Postpartum and Misogyny

Photo by Jenna Norman on Unsplash


“What do you expect? You just had a baby.”

That statement has been uttered to countless women in many situations and circumstances:

  • at the doctor’s office
  • at her fitness facility
  • by her colleagues and friends
  • by her spouse

She might have said something about how her body is not healing the way she thought it would. Or, she might be exhausted, dealing with a mood disorder, overwhelmed, or dealing with serious mental health issues.

She is brave enough to say something, just to get shut down.

“You just had a baby. This is par for the course.”


“Be grateful for your baby’s health”


“Eh. You’ll be fine. Women have given birth since the beginning of time. You got this.”

The underlying tone, though, is pure misogyny.

The roots of misogyny run deep, so don’t think you’re immune. You might have said something similar, not even realizing that you are coming from a place of distaste for the feminine. We carry stories and statements for generations, and it’s only rerouted when we decide to change.

What just happened to that woman that went outside her comfort zone to tell you something went wrong? Only to be dismissed or worse?

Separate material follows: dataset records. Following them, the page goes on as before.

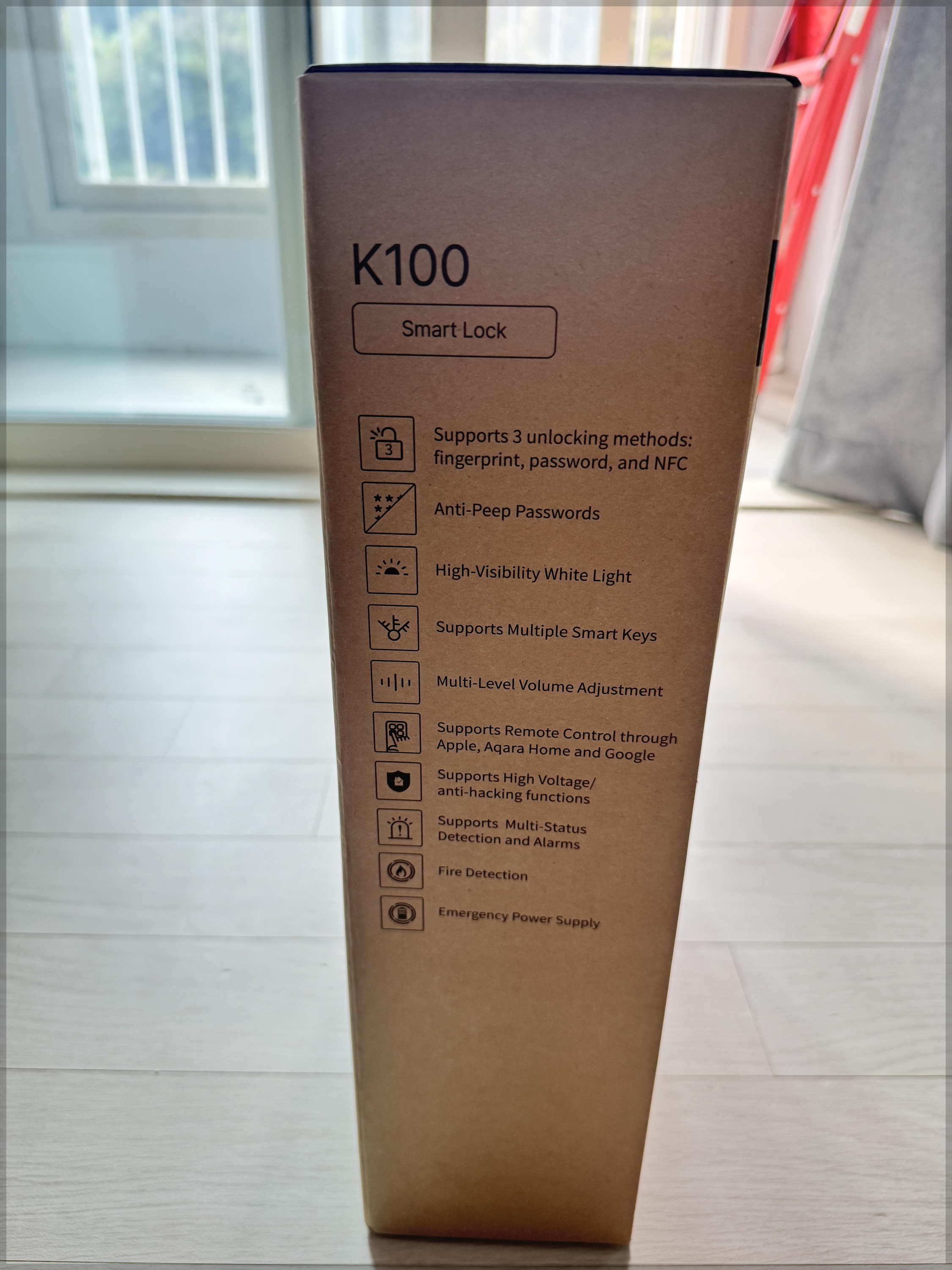 박스 왼편에는 스마트 도어락 K100의 기능들을 설명해두었습니다.
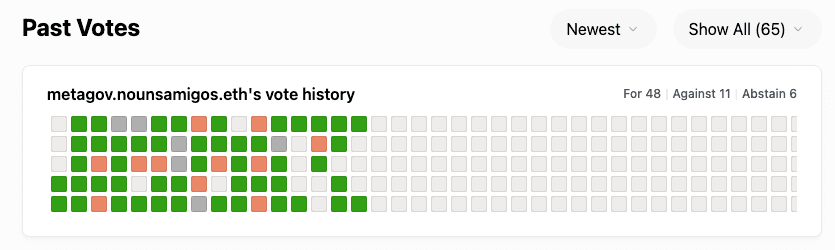 At the beginning of 2024, Wag delegated 3 Nouns to Nouns Amigos. This delegation was unexpected but very well received—being able to vote on-chain as a new governance body was a huge milestone for the Nouns Amigos community.
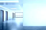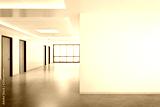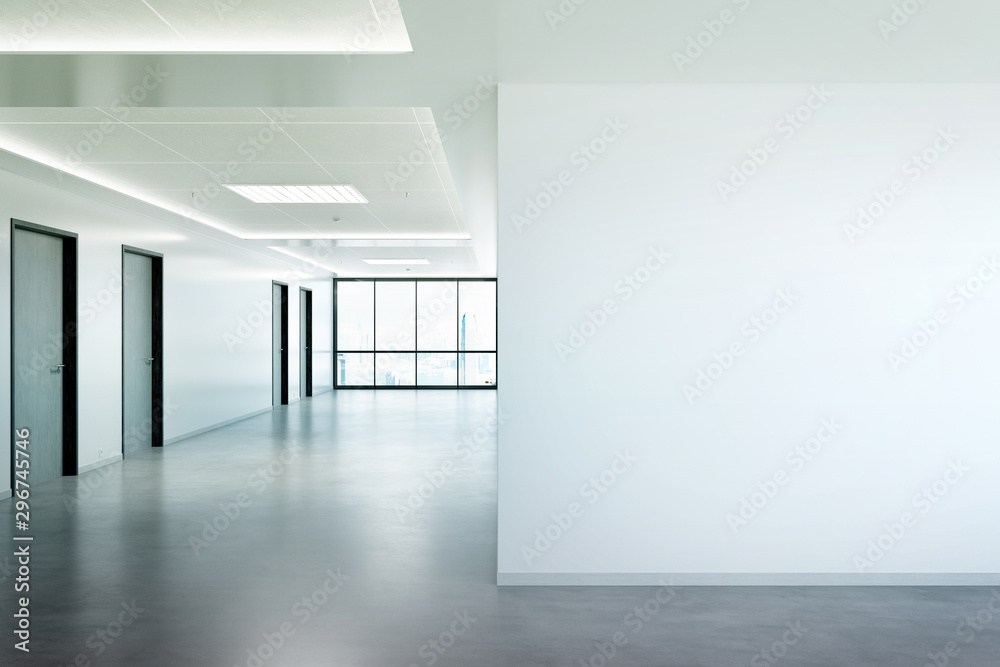 Blank wall in office mockup with large windows and sun passing through 3D rendering
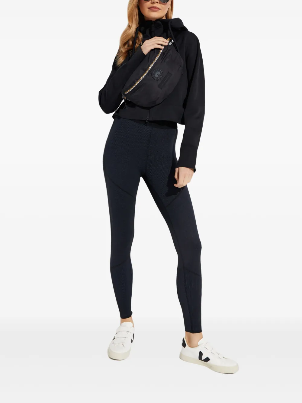 черный капюшон, завязки, застежка-молния спереди, длинные рукава
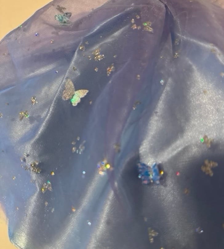Ella enchants in an iconic dress with multicolor blue and purple layers that create spectacular volume. She sparkles from head to toe with delicate, magical butterflies and foil print accents
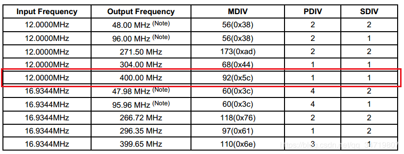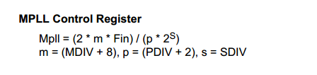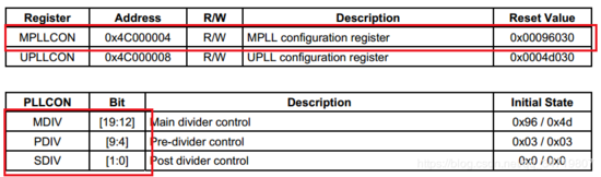 讲解:设置MPLLCON:FCLK=400M→MDIV=92,PDIV=1 ,SDIV=1
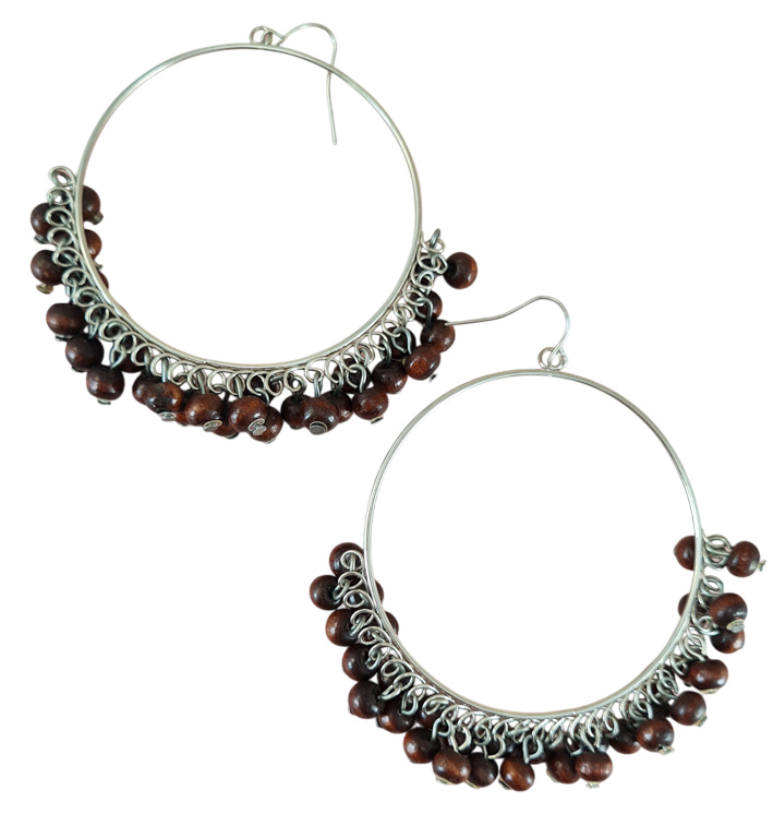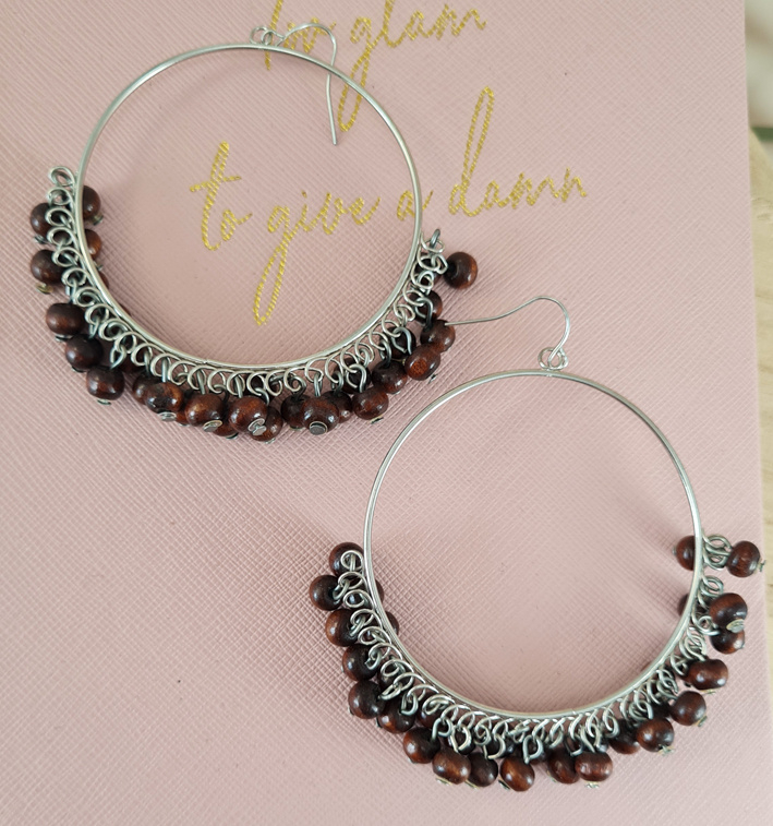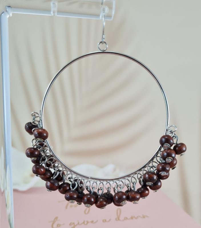 Oorbellen rond bruine kralen 6,5cm
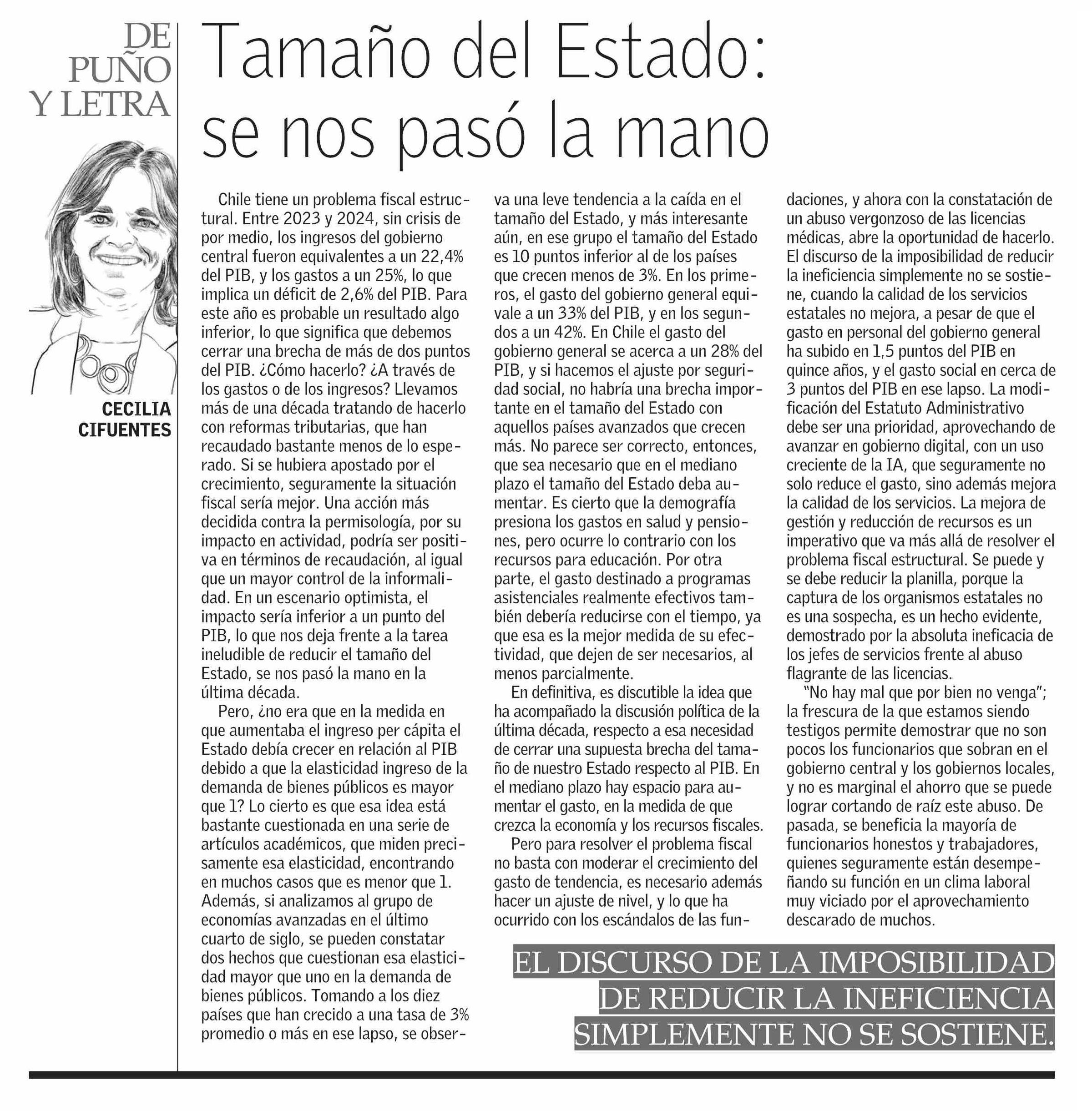 Título: COLUMNAS DE OPINIÓN: Tamaño del Estado: se nos pasó la mano
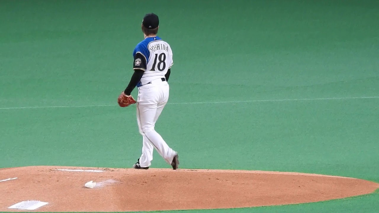 札幌ドーム、オープン戦2カード目 対Giantsの2連戦の初戦、先発の吉田 輝星投手の1回の表の投球 Hokkaido Nippon-Ham Fighters北海道日本ハムファイターズ宮田輝星 NPBHUB.COM | The Fanbase of Nippon Baseball & Nippon Professional Baseball

Well…. she’s probably not going to speak up again.

And if she is really struggling, the damage could be really painful.

Symptoms of an emergency physical issue postpartum include:

  • chest pain
  • difficulty breathing
  • excessive vaginal bleeding (soaking the maxi in less than an hour)
  • high fever
  • redness and swelling around an incision
  • pain in urination
  • low back pain

(source: March of Dimes)

If you are struggling with these symptoms, have a loved one take you to a medical provider immediately. Don’t wait.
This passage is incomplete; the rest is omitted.